Friday, January 27, 2006

The Calculus of Caring

For reasons of liability, my colleagues and I are encouraged to refrain from transporting patients in our own cars, and we are told in no uncertain terms that the risk is ours if we choose to do so. At various times, I have attempted to eschew taking patients to appointments in my car, but every time I do it "just this once", I'm reminded of how often it seems like the easiest and most convenient thing to do. The poor and disabled often have great difficulties with transportation. Through Medicaid, van service to medical appointments can be arranged, but it takes a prescription from the primary doctor which has to be renewed every year. The patient then has to call to arrange rides which often prove to be unreliable, especially when Medicaid contracts the rides out to private vendors and taxi companies. Still other patients are unable to use the phone to schedule appointments due to hearing impairment, language barriers, or cognitive deficits, while others simply cannot negotiate the series of voicemail message hoops which must be jumped through to speak with a real operator.
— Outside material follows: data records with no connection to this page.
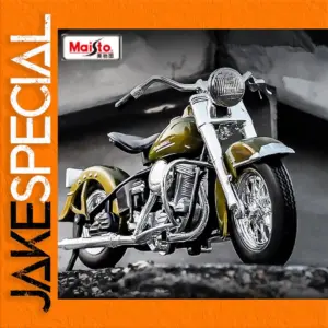 Immerse yourself in the vintage charm with this meticulously crafted Maisto Harley Davidson 74FL Hydra Glide diecast motorcycle model. Painted in a glossy olive-green finish on the fuel tank and rear fender, it captures the authentic style of the classic Harley Davidson. The shiny chrome accents on the headlight housing, handlebars, engine components, and exhaust pipes lend a realistic metallic gleam, enhancing its collectible appeal. With intricately detailed wheels featuring chrome spokes and treaded black tires, this model offers a lifelike appearance. Its streamlined black seat complements the vintage aesthetic, making it a striking display piece. Perfect for collectors and enthusiasts, this model truly embodies the iconic design of the Harley Davidson 74FL Hydra Glide.
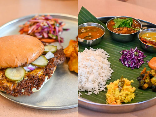 鉄板に押し付けて焼き上げるたパティを挟んだ「スマッシュバーガー」は、香ばしい風味とともにひと口食べるほどにガツンとした肉の旨みを味わえるのがポイント。コールスローサラダや、 “しっかりおいしい” ヴィーガンバーガーも提供されています。
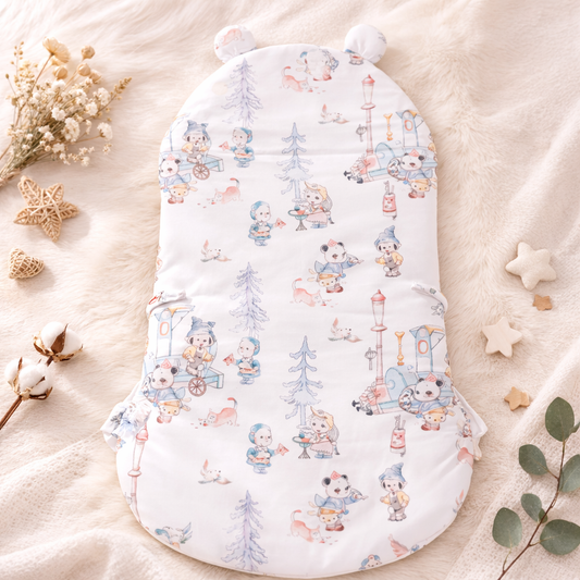 SMILE BABY New Born Carry Nest – BLUE | Soft Quilted Baby Sleeping Bag with Hood
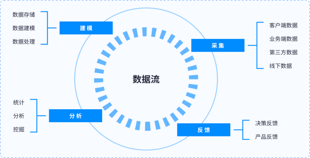 通过移动互联网或者其他的相关软件为手段采集海量的数据,将数据进行组织形成信息,之后对相关的信息进行整合和提炼,在数据的基础上经过训练和拟合形成自动化的决策模型。简单来说,就是以数据为中心依据进行决策和行动。基于完整的数据驱动闭环方案对业务进行赋能:数据采集-->数据建模-->数据分析-->数据反馈。
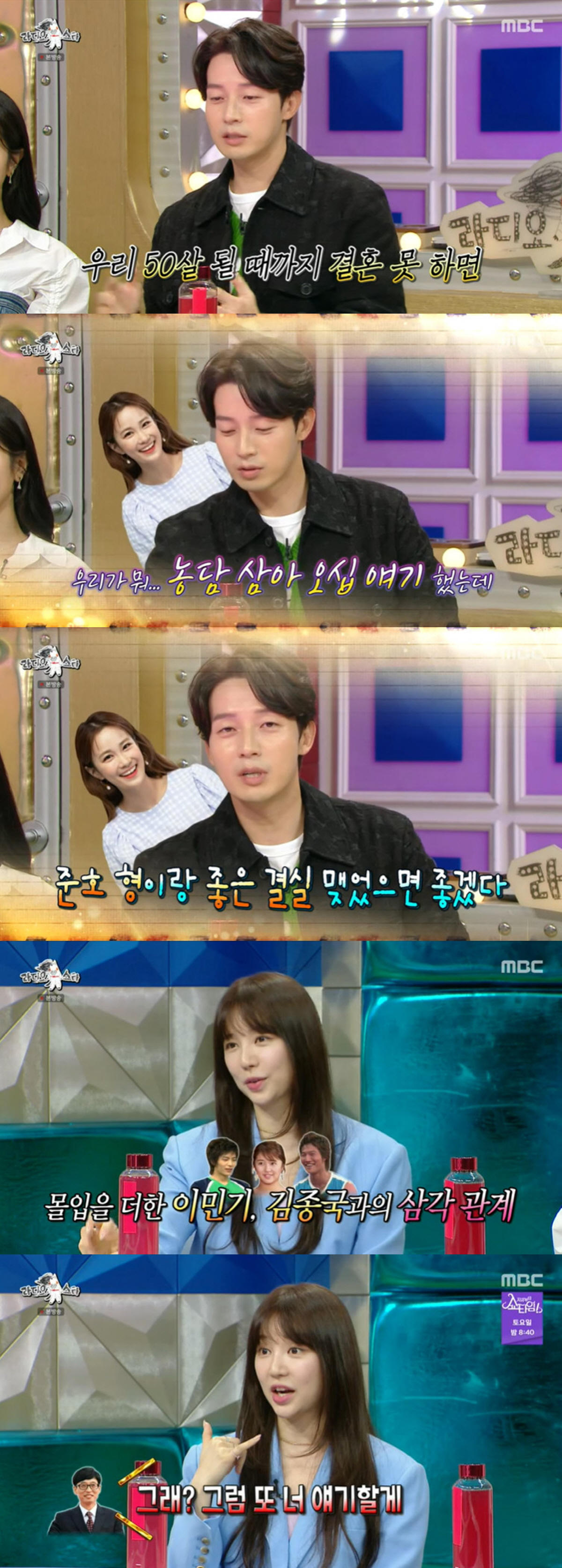 결혼까지 약속했던 사이였지만 이젠 형수님이 됐다. 허경환은 "얼마 전에 준호 형을 만났는데 지민이라 하니까 '형수야'라고 정정하더라. 준호 형이 멀끔해졌다. 이제 냄새 안 난다"고 밝혔다. 이어 허경환은 "농담 삼아 오십 얘기를 했는데 8년을 못 기다리고 하는구나. 좋은 결실 맺었으면 좋겠다"고 김지민에 영상편지를 보냈다.
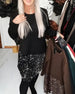 Robe Col Rond Manches Longues À Paillettes Patchwork

Couple that with frequent wait times of up to 30 or 60 minutes to schedule a ride, mental illness, and physical disability---frustration and exasperation reign.

Taking all of this into account, I choose wisely when I take a patient in my car, and I try to use that close proximity and captive audience for therapeutic purposes. Being in a car can foster conversational intimacy. The car is like a cocoon in which the driver and passenger ride---private, temperature-controlled, comfortable, quiet. Sometimes deep conversations can be engendered simply by the simultaneous closeness and relative lack of eye contact that drivers and passengers must somehow finesse in order to converse. Keeping my eyes on the road with occasional glimpses towards the passenger seat, my patient is able to be in their own world but speak to me freely, and this can often bring about aspects of conversation which might be less comfortable while sitting together in an exam room at the clinic or even in the patient's living room. I appreciate this difference and make use of it in various ways.

My work allows me the ability to see patients in their homes, experiencing their personal daily environment, interacting with their family and children, looking in their refrigerators and cupboards to assess their nutritional practices (with permission, of course), while also assessing their home for physical impediments which might compromise their safety or otherwise thwart their independent self-care at home. I also attempt to ascertain if there are firearms in the home, smoke alarms, working locks on the doors, safe electrical wiring and outlet use, and relative cleanliness. This information---generally unavailable to any doctor---is also under-appreciated by most doctors and not taken into account during those brief patient visits, although the providers with whom I work are more tuned in than most to the psychosocial aspects of our patients' lives.

Today I visited a patient who is basically squatting in her oldest daughter's apartment for want of a better situation. She sleeps in a medium-sized bedroom with her two school-age children, sharing an inflatable queen-size bed. To my surprise, a one-year-old pit-bull was curled in her lap as she sat on the bed, and I was greeted by this new family member's demonstrative and unbridled affections. She obviously sensed her owner's positive reaction to my entrance, and immediately embraced me as one of the pack. I sat on the dirty carpet and communed with this canine soul, who looked into my eyes as only a dog can.

This woman is dear to me, and we have had many heart to heart talks over the years--some in the car, some at the clinic, many in her myriad apartments. Due to our friendly intimacy and familiarity, I imagined that rolling on the floor with her new puppy was in no way professionally inappropriate. It was, in fact, therapeutic for us all.

These relationships each have their own tenor and particular rhythm. With this particular person, I sit on the floor, play with the dog, and we chat about much more than her health, always bearing in mind that this is a professional relationship, a helping relationship of therapeutic value. In this type of work, we sometimes walk a fine line, the boundaries blurring, but building relationships is what it's all about, after all. Without those warm bonds, it's nothing but clinical rapport, which to me is a chillingly stiff boundary which holds little interest for me.

So yes, these folks admittedly live in a corner of my head both night and day, but the value which I derive from these relationships repays me for my labors in the larger scheme of things---the karmic and dharmic bank, if you will. It's the calculus of caring, the mathematics of the calculation a mystery, and the final result so much more than the sum of its parts.

5 comments:

Anonymous said...

Keith,

Once again you have displayed wonderfully insightful poetry in your words, free of sappy sentimentalism and angst. I love when you are able to access this part of yourself in your writing...it's a joy to share. Thank you!

Keith "Nurse Keith" Carlson, RN, BSN, NC-BC said...

Thank you so much, dear Christian. Compliments from an accomplished writer such as yourself are a coveted prize.

Anonymous said...

awwwww! tanks!

Shig said...

So much for assumptions. I kept thinking that you were a doc and I was going to give you a compliment and say you're good enough to be a nurse. But you are a nurse! And I'm a horse's butt. Really good post. And I share your goal of goats, dogs, family and the simple life, et al.

Keith "Nurse Keith" Carlson, RN, BSN, NC-BC said...

It IS a compliment to tell a doc that he or she is good enough to be a nurse, but people usually say it the other way around! Thanks!